### TASK GOAL
Repeat the records below exactly, from the first line through the line containing "100噸四柱油壓機(四柱液壓機)參數(shù)", and leave out any pictures.
[PROVIDED DATA]
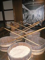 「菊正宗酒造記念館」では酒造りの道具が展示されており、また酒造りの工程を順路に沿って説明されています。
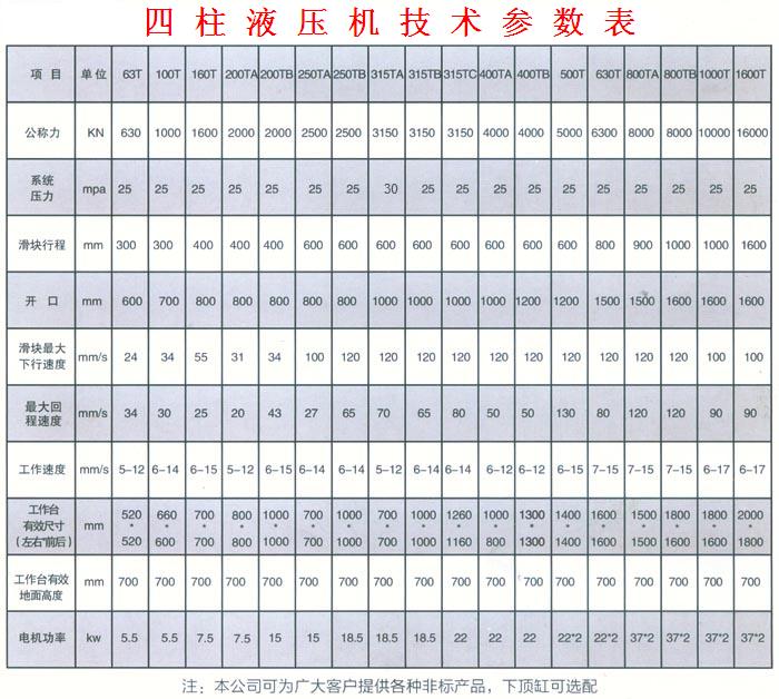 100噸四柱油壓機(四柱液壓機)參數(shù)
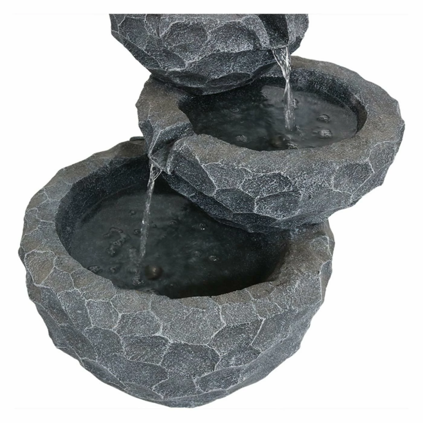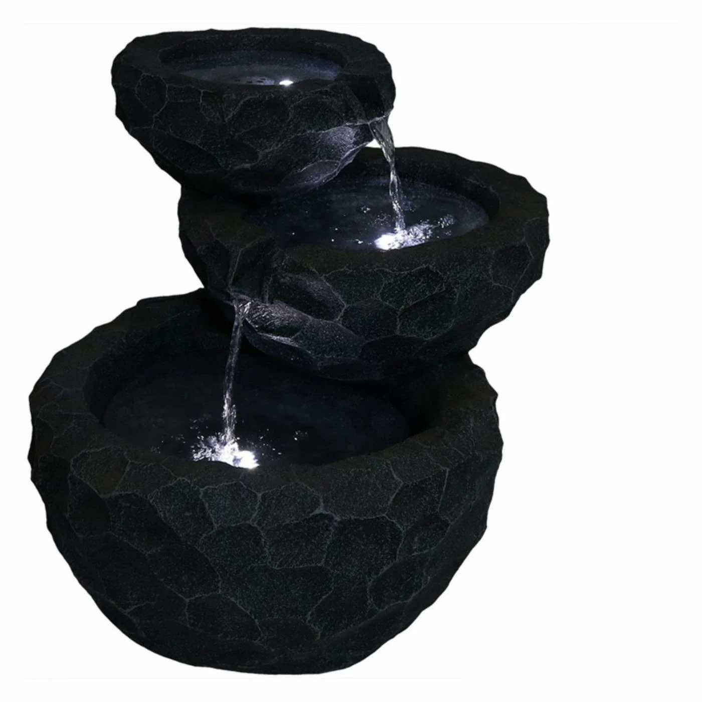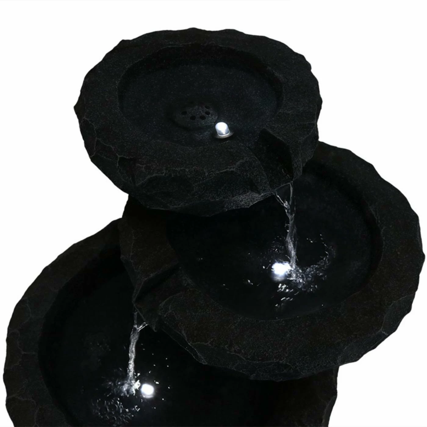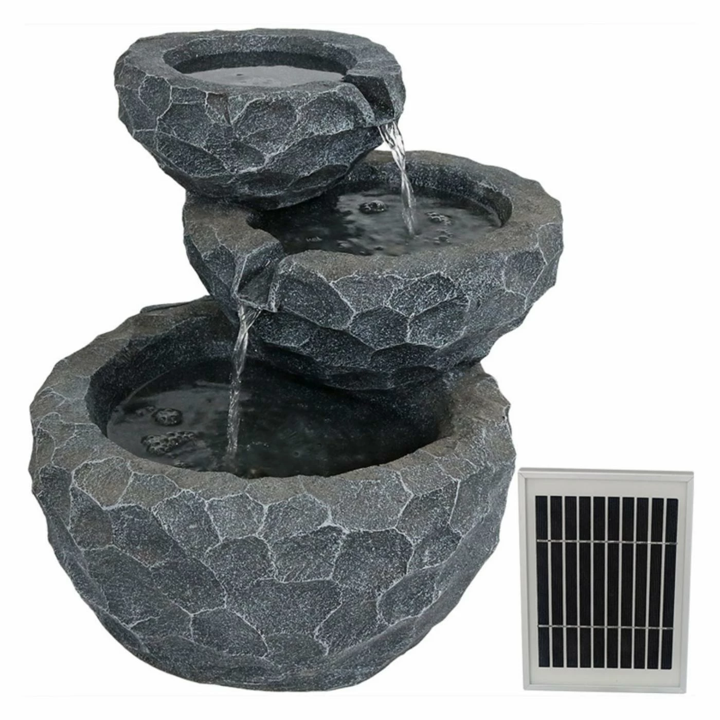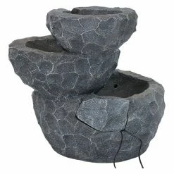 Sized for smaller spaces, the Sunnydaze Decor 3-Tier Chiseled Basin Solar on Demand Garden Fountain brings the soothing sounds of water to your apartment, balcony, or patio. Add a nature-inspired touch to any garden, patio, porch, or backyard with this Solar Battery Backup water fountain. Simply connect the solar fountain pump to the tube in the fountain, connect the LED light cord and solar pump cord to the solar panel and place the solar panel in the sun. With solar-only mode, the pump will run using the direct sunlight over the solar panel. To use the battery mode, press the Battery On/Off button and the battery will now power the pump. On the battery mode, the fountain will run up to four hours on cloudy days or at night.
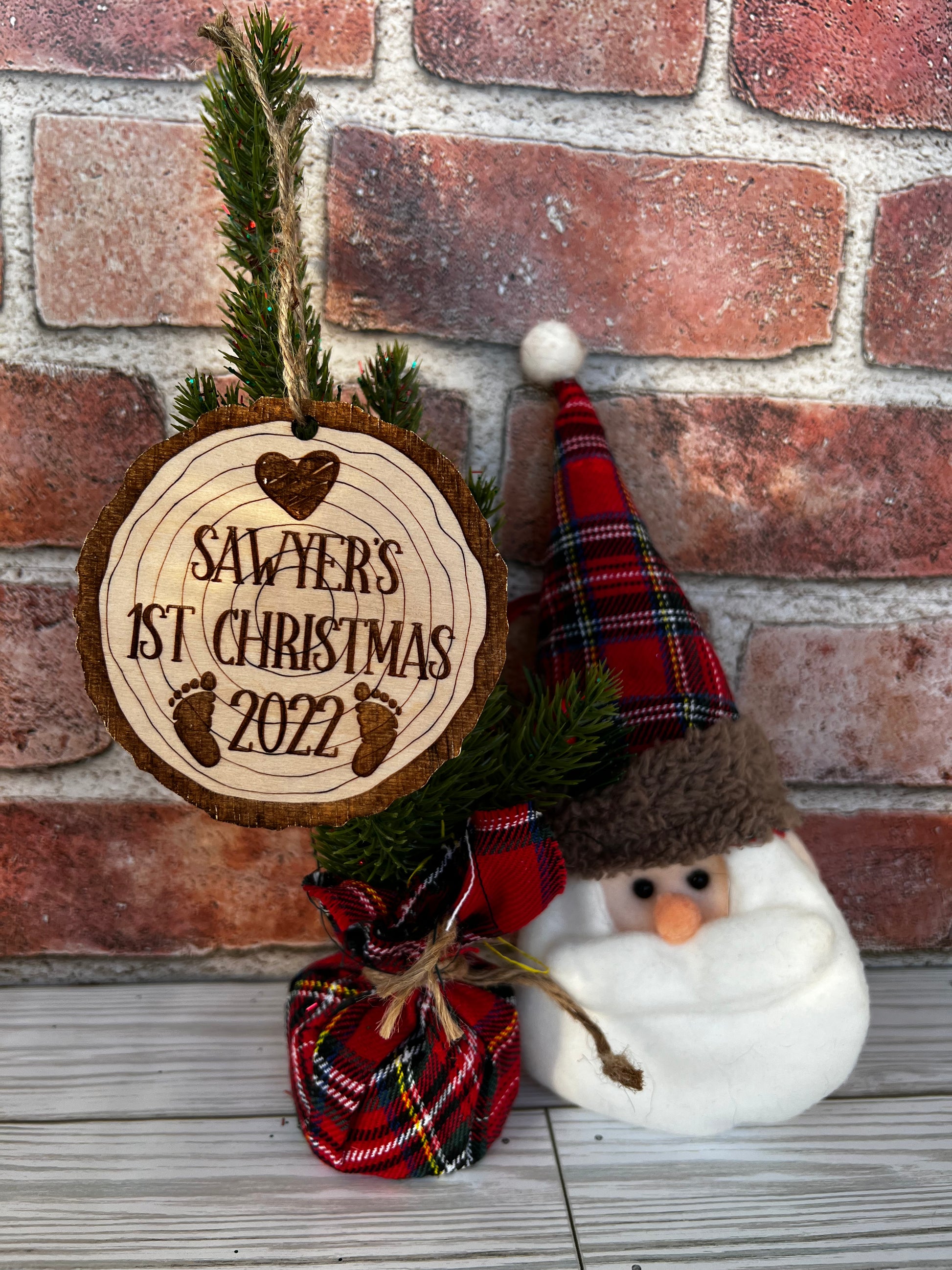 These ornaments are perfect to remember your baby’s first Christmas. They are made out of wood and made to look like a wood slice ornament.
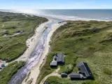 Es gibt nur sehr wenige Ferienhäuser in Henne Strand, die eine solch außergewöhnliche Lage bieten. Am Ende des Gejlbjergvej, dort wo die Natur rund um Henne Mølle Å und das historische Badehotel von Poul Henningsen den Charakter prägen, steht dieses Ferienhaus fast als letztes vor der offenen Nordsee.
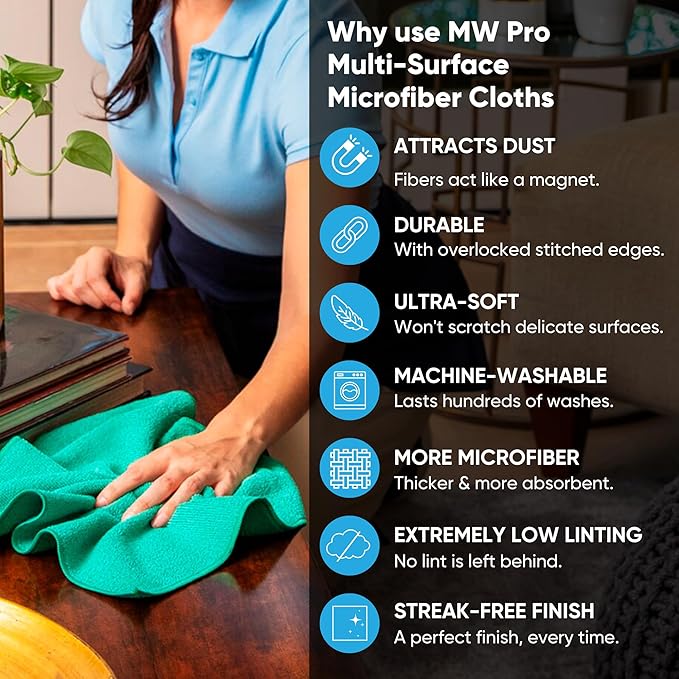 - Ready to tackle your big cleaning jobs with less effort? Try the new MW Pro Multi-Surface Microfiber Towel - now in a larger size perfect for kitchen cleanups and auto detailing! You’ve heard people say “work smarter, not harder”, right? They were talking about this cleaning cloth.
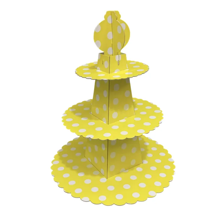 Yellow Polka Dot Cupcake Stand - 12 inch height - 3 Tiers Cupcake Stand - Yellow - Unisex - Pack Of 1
[/PROVIDED DATA]
### ANSWER SPACE
 「菊正宗酒造記念館」では酒造りの道具が展示されており、また酒造りの工程を順路に沿って説明されています。
 100噸四柱油壓機(四柱液壓機)參數(shù)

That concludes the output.